In a micro-service architecture, implementing best practices and ensuring data consistency is crucial.
Consider a scenario, where some part of data updated in the inventory service, such as a product being changed and having no quantity. Who is responsible for removing the product from being sold in the storefront?
similarly, when a product price has been changed in the product management service, which part of the system calculates the new price? who delivers the new price to storefront?

when dealing with distributed systems (micro-service here), we have 2 options to ensure data consistency:

  • Normalization: saving different parts of data in the different services.
  • Denormalization: saving a copy of data in another service where the data is needed for some process.

In this system, I used the second option. the main reason behind this decision is necessity for "searching and filtering products".
I've been in many e-commerce projects where "searching and filtering" operation became a significant part of the system. so I prefer to divide the system into smaller parts, but each system should update a central database for products.
Although we may have redundancy for product data, we ensure that searching and filtering will be done efficiently.

Catalog Service

the catalog service is responsible for adding event rules; it saves its data in its database and then sends a copy of updated data to the product service which is responsible for providing product data.

The drawback would be redundant data. we have to keep a large database updated.
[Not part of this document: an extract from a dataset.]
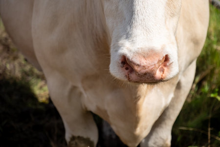Close up of the nose of a white cow

It seems like we have a monolithic database in the middle of a micro-service architecture, but the point here is that this database and product service do not execute any business logic; they only collect data. All the business logic related to the catalog should be implemented in other services.

Filtering Product, Dynamic Prices

If we had only one place to calculate and display the final product price, a base price and catalog prices would be sufficient. For example, on a single product page where we display the specifications of only one product, including:

Showing the price (or regular price / base price)
Calculated price (or final price)
Base discount (or calculated discount)

We can easily save base price and catalog prices (like category price) in a centralized products database. Then, we are able to perform searches easily. In this case, we can use the Strapi search API to filter and search products based on a range of prices.
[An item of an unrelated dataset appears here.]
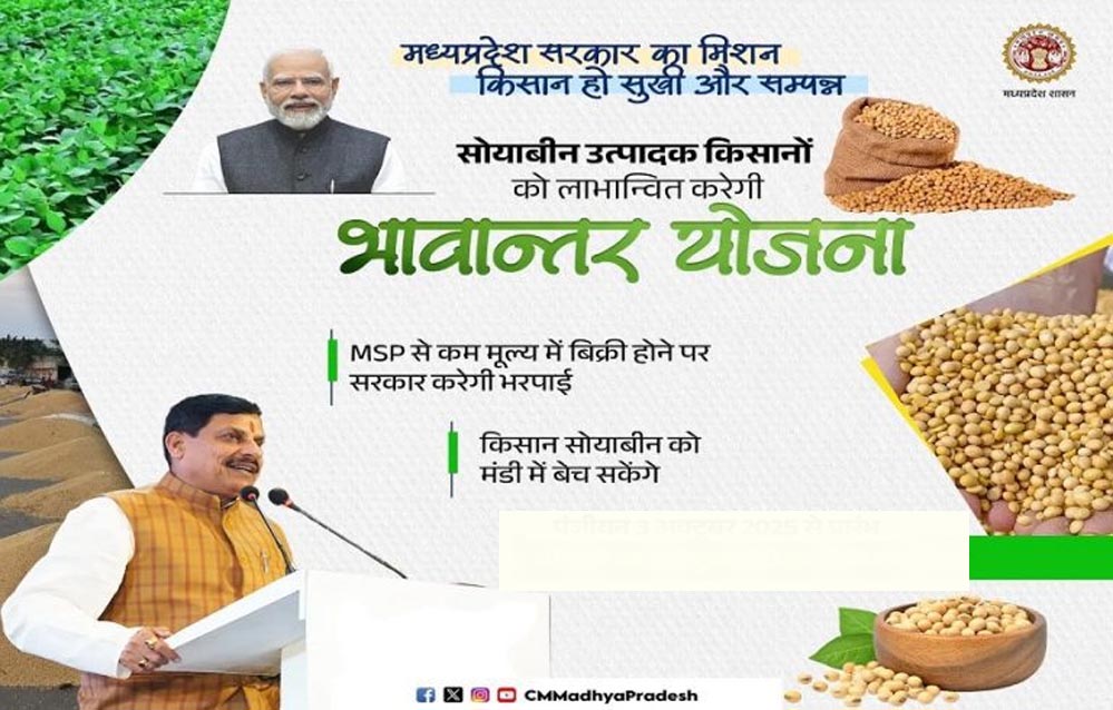 भावांतर योजना 2025 अंतर्गत सोयाबीन विक्रेता किसानों के लिए आज 11 नवंबर को 4056 रुपए प्रति क्विंटल का मॉडल रेट जारी किया है। यह मॉडल रेट उन किसानों के लिए है, जिन्होंने अपनी सोयाबीन की उपज मंडी प्रांगणों में विक्रय की है। इस मॉडल रेट के आधार पर ही भावांतर की राशि की गणना की जाएगी। मॉडल रेट में लगातार वृद्धि जारी है। पहला मॉडल रेट 7 नवंबर को 4020 रुपए प्रति क्विंटल जारी किया गया था।

*But what about dynamic prices? *
when we show different prices based on dynamic parameters like "customer group" policies, where we show different prices to two different groups of users.
I know, it may sounds a little bit rare, I agree. But we have to deal with this challenge. some of the options are:

1- Performing a search without considering price, and then conducting a second search (price search) to remove unrelated data

it is the first option. for example, if a user selects a range of $20 to $30, we can perform a search without considering the price, then calculate the prices, and filter products within the specific range.
This option is only suitable when we have a large number of products with similar prices.
It could also be implemented in the frontend sometimes, although it's not considered best practice.
The biggest problem with this approach is pagination. When we use pagination, we have a limited number of products on each page. It is possible that when we remove unrelated products from a page, no items remain on that page, and the user has to proceed to the next page. if we don't have a large number of products, we can use a single API call to fetch all products and filter them based on price. in this case, I see no problem with this approach. specially for databases with < 1K records.
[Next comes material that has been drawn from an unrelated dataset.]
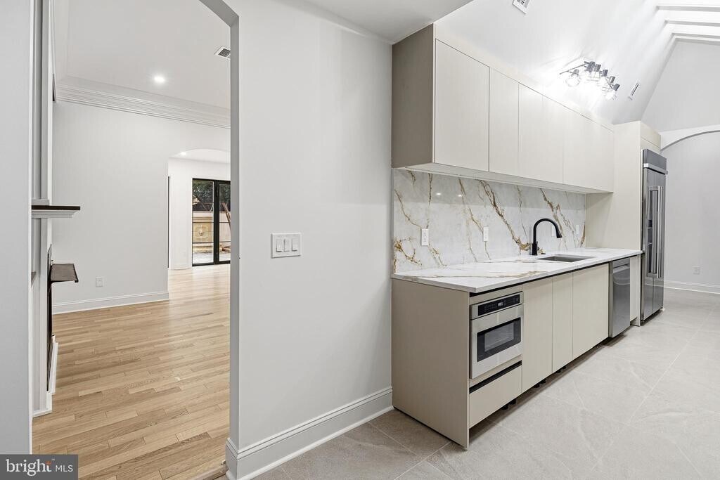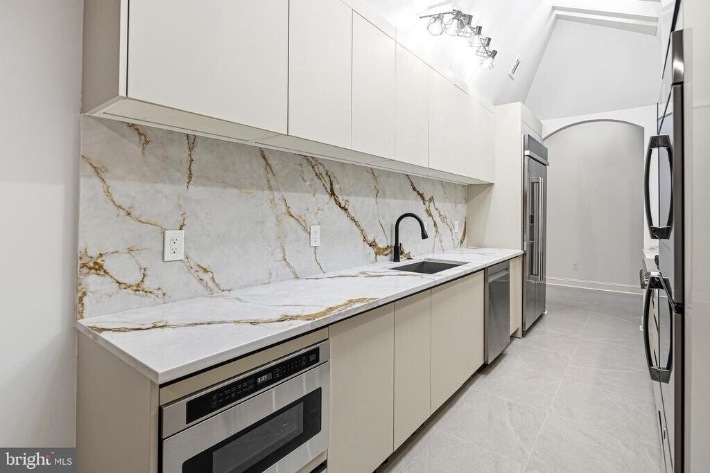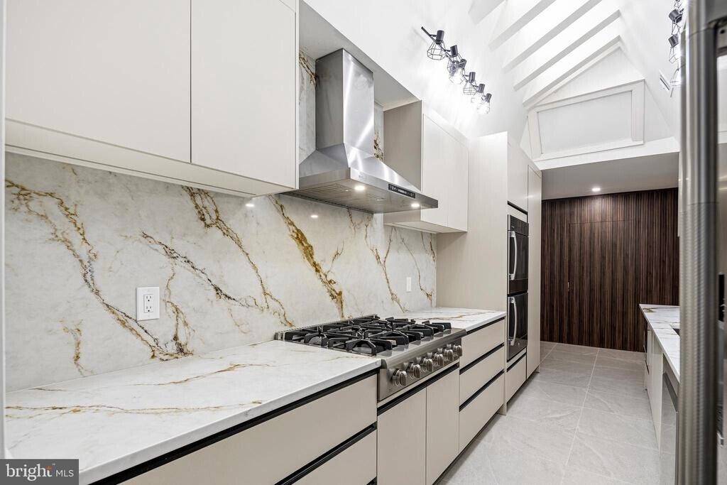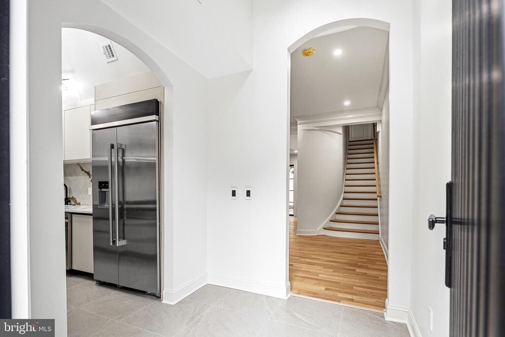 This exceptional, newly renovated double-wide home in the heart of Society Hill offers a rare combination of scale, design, privacy and modern luxury—creating a true urban sanctuary with every city convenience at your doorstep. A dramatic, tall-ceiling foyer welcomes you into an expansive living and entertaining space, featuring custom built-ins, a gas fireplace, soaring wood-accented ceilings, and a stylish wet bar with beverage refrigerator. The open dining area is framed by elegant architectural arches, while French doors and windows flood the space with natural light and open to an expansive, beautifully landscaped rear garden complete with a marble fountain—an ideal setting for indoor-outdoor living. The chef’s kitchen is both functional and refined, highlighted by skylights, natural stone countertops and backsplash, and premium stainless steel appliances, including a six-burner range, double ovens, a 42-inch refrigerator, and a deep sink. A built-in pantry, abundant cabinetry, and a charming breakfast nook complete the space. The main level also includes a powder room and a convenient mudroom with direct access to the backyard. Radiant heated hardwood floors run throughout this level, adding warmth and comfort. Upstairs, the second level offers a spacious family room, perfect for relaxation or additional entertaining, along with two generously sized bedrooms connected by a beautifully finished Jack-and-Jill bathroom featuring a walk-in shower. This level also includes an additional powder room and a full laundry area with side-by-side washer and dryer. The entire third floor is dedicated to a luxurious primary suite, featuring vaulted ceilings, a large walk-in closet, and a spa-like bathroom with a soaking tub, oversized walk-in shower, double vanity, and heated floors. This truly one-of-a-kind residence delivers refined living, thoughtful design, and rare outdoor space in one of Philadelphia’s most sought-after neighborhoods.

2- Using price filter as a middleware

in this approach, we do exactly the opposite. consider you have two different search systems. the first one calculates all product prices and finds the products within that specific price range.
then it passes those product IDs to the next system, which filters final products and do the pagination. it receives the IDs of those products as an argument.

the first advantage of this approach is that we can use pagination. because the pagination will be handled by the framework in the final process. unlike the previous approach which was suitable for searching without pagination, this approach is better suited for paginated search systems.

the drawback of this approach is that calculating prices for all products may be expensive for the system.
it could be a significant process load for the system, specially for systems with a large number of products. consider having to process 200K prices and send their IDs to search system for further filtering!

Another problem could be filtering based on IDs. we may have a landing page where only half of the products have dynamic prices; and other products have only base price.
So, we have to process prices for all products, even if the price could be filtered easily by the framework in the data layer using ORM.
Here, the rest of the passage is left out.